В который раз наблюдает сын за подобными переменами в облике родителя, но привыкнуть к ним невозможно. Отец в такие минуты становится сам не свой. Чужой! Меняется всё: взгляд, голос, сама манера говорить. И перемены эти пугают. В такие мгновения в голове сына мелькают вопросы: «Кто же ты, папа? Бывший сельский учитель, вышедший из семьи питерских интеллигентов, осуждённых за контрреволюционную агитацию? Боец Красной Армии, хлебнувший военного лиха? Предатель Родины, дважды сдавшийся врагу? Бесстрашный партизан, крошивший фашистских захватчиков, как капусту? Не знающий пощады матёрый рецидивист, прошедший семь кругов тюремного ада? Кто ты: жертва, палач? Кто?»

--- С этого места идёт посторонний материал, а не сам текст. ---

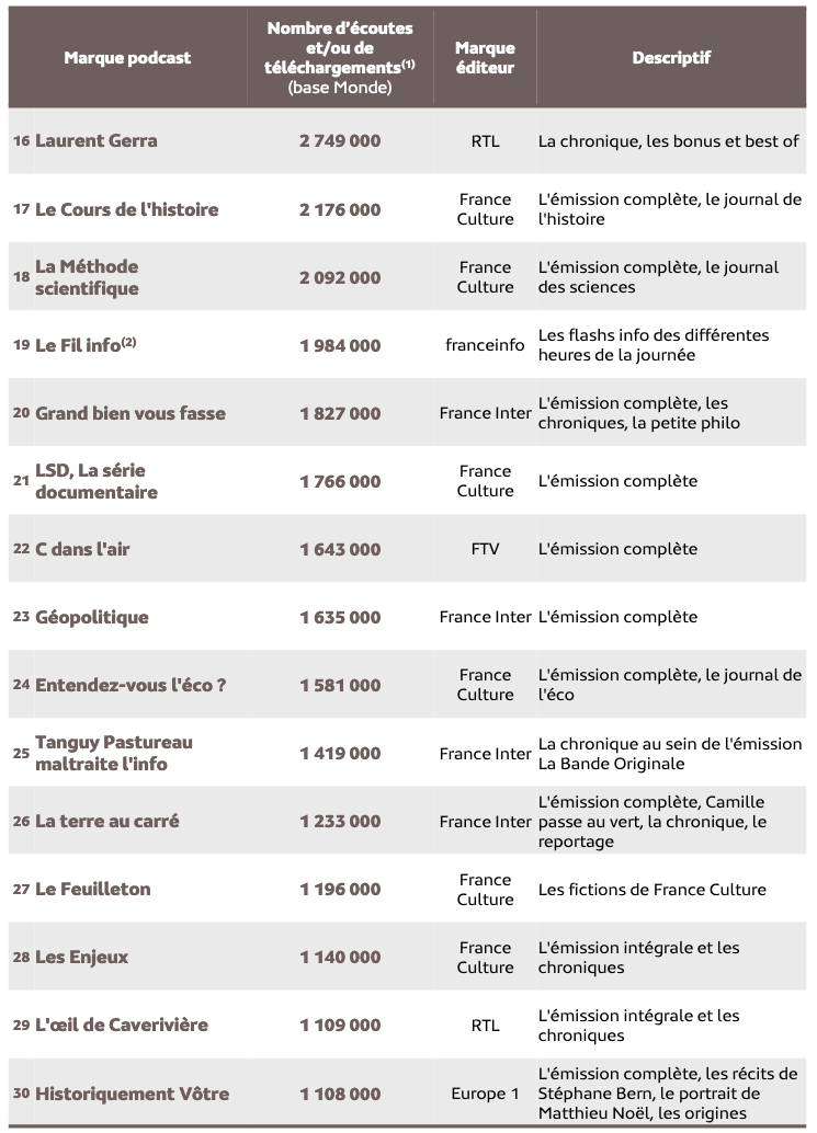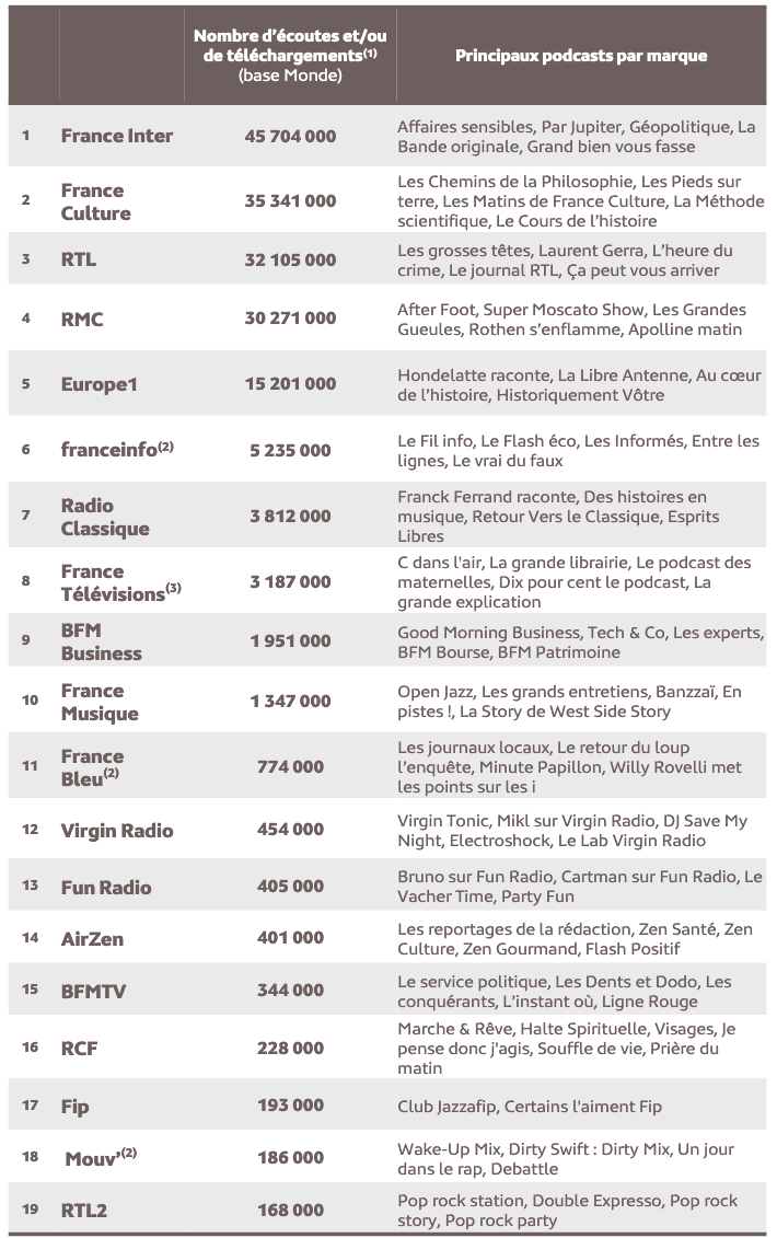 France Inter (45 704 000), France Culture (35 341 00), RTL (32 105 00), RMC (30 271 000) et Europe 1 (15 201 000) sont dans le Top 5 des radios dont les podcasts sont les plus écoutés et les plus téléchargés.

Но сейчас в глазах отца злой блеск, и он продолжает:
– Блатари презрительно называли нас военщиной, реже – автоматчиками. Ведь по их извращённым понятиям защищать Родину с оружием в руках – западло, так как, получается, что, воюя, ты служишь властям. Но всё же автоматчик – звучит благозвучней, чем сука, махновец или вор, верно? К началу пятидесятых наши уже брали верх в лагерях; ещё чуток, и мы выкосили бы всю эту сорную траву под корень. Но тут политика властей поменялась, нас поприжали, всё стало возвращаться на круги своя. Мне опять пришлось драться за право дышать, но я выжил, в 53-м освободился. И вновь появился шанс хоть что-то исправить… Я не использовал этот шанс.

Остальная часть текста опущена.